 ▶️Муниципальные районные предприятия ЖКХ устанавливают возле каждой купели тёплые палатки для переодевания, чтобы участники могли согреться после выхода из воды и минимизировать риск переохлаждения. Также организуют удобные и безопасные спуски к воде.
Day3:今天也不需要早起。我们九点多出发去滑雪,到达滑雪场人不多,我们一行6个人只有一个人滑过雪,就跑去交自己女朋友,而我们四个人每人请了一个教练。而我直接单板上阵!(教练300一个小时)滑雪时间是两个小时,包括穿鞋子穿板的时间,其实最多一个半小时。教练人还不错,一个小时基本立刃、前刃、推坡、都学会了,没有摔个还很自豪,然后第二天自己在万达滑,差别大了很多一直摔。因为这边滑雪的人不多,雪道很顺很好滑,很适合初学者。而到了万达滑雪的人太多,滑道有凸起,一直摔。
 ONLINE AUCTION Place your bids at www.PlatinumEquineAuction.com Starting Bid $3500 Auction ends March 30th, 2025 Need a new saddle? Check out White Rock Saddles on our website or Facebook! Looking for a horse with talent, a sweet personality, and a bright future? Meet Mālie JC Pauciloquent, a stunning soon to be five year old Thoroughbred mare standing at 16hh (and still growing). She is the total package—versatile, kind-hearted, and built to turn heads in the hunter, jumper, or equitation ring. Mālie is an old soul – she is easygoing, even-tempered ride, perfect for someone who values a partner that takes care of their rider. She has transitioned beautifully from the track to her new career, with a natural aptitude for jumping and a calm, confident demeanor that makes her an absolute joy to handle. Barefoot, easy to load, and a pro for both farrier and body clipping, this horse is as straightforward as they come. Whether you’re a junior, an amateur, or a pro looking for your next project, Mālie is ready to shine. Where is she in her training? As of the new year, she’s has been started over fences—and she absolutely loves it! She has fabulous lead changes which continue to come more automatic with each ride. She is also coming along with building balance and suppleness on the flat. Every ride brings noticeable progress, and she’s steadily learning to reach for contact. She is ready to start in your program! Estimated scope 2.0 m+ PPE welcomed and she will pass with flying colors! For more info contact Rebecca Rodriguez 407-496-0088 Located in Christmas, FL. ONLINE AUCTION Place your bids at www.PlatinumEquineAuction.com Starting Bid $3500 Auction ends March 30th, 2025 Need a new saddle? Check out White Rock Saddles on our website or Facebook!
———
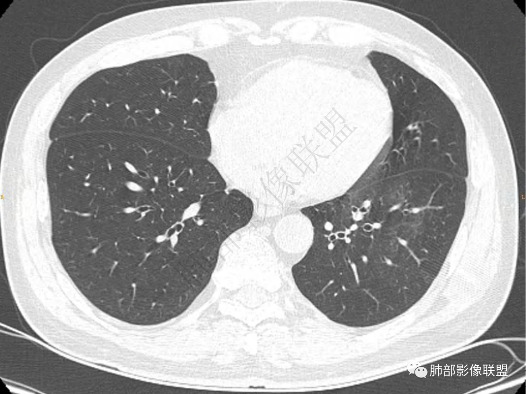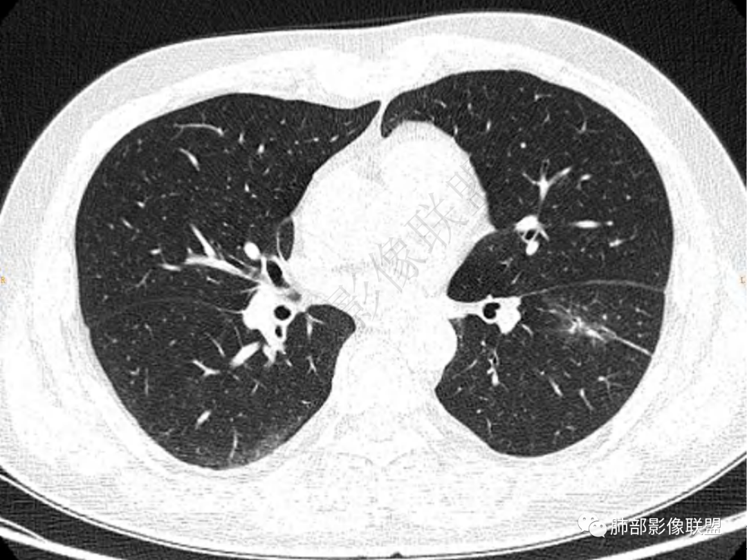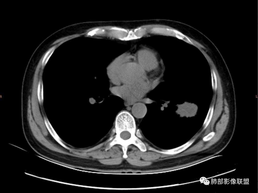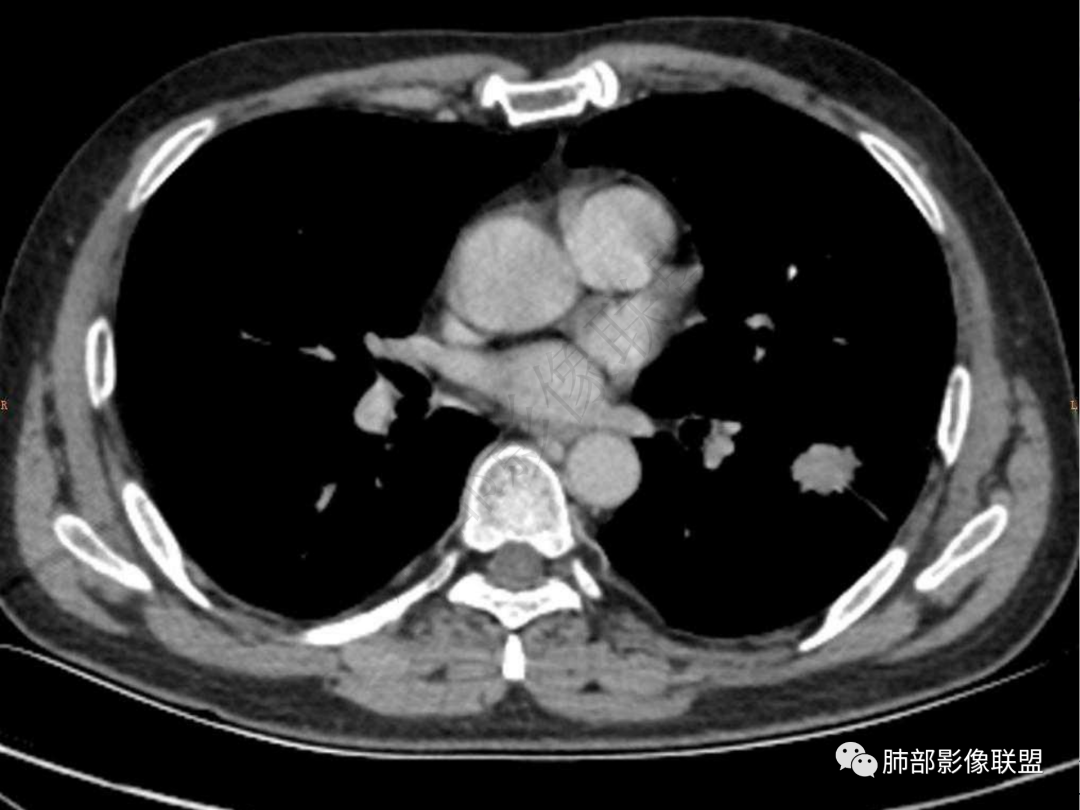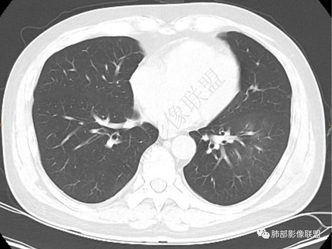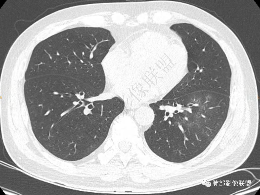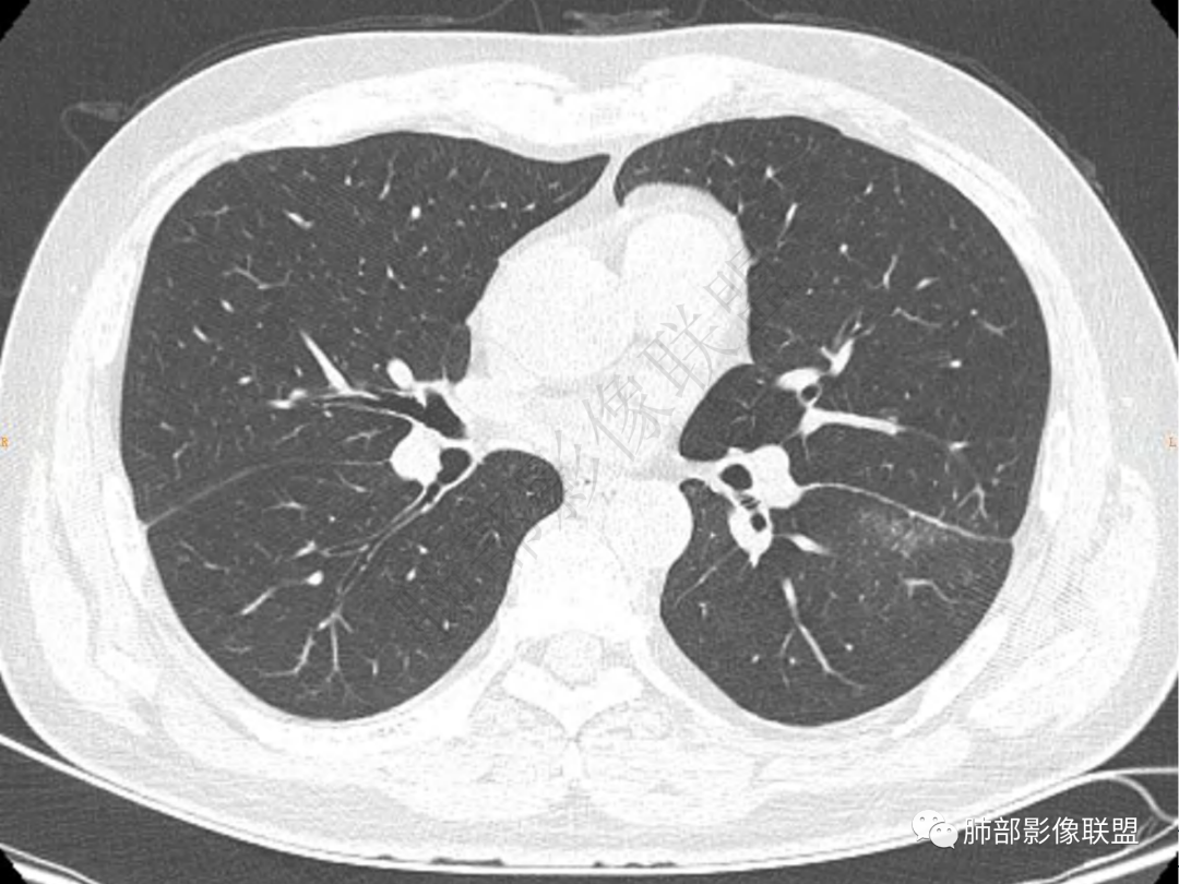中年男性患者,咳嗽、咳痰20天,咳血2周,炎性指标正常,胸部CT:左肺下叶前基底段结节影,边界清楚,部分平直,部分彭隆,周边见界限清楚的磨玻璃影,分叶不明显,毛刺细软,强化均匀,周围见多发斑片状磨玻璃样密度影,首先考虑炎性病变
———
### Requirement
Everything from the line containing "спуски к воде." through the line containing "Day3:今天也不需要早起。" in the material above should be retyped exactly, both ends included, and nothing more.

### Solved problem
 ▶️Муниципальные районные предприятия ЖКХ устанавливают возле каждой купели тёплые палатки для переодевания, чтобы участники могли согреться после выхода из воды и минимизировать риск переохлаждения. Также организуют удобные и безопасные спуски к воде.
Day3:今天也不需要早起。我们九点多出发去滑雪,到达滑雪场人不多,我们一行6个人只有一个人滑过雪,就跑去交自己女朋友,而我们四个人每人请了一个教练。而我直接单板上阵!(教练300一个小时)滑雪时间是两个小时,包括穿鞋子穿板的时间,其实最多一个半小时。教练人还不错,一个小时基本立刃、前刃、推坡、都学会了,没有摔个还很自豪,然后第二天自己在万达滑,差别大了很多一直摔。因为这边滑雪的人不多,雪道很顺很好滑,很适合初学者。而到了万达滑雪的人太多,滑道有凸起,一直摔。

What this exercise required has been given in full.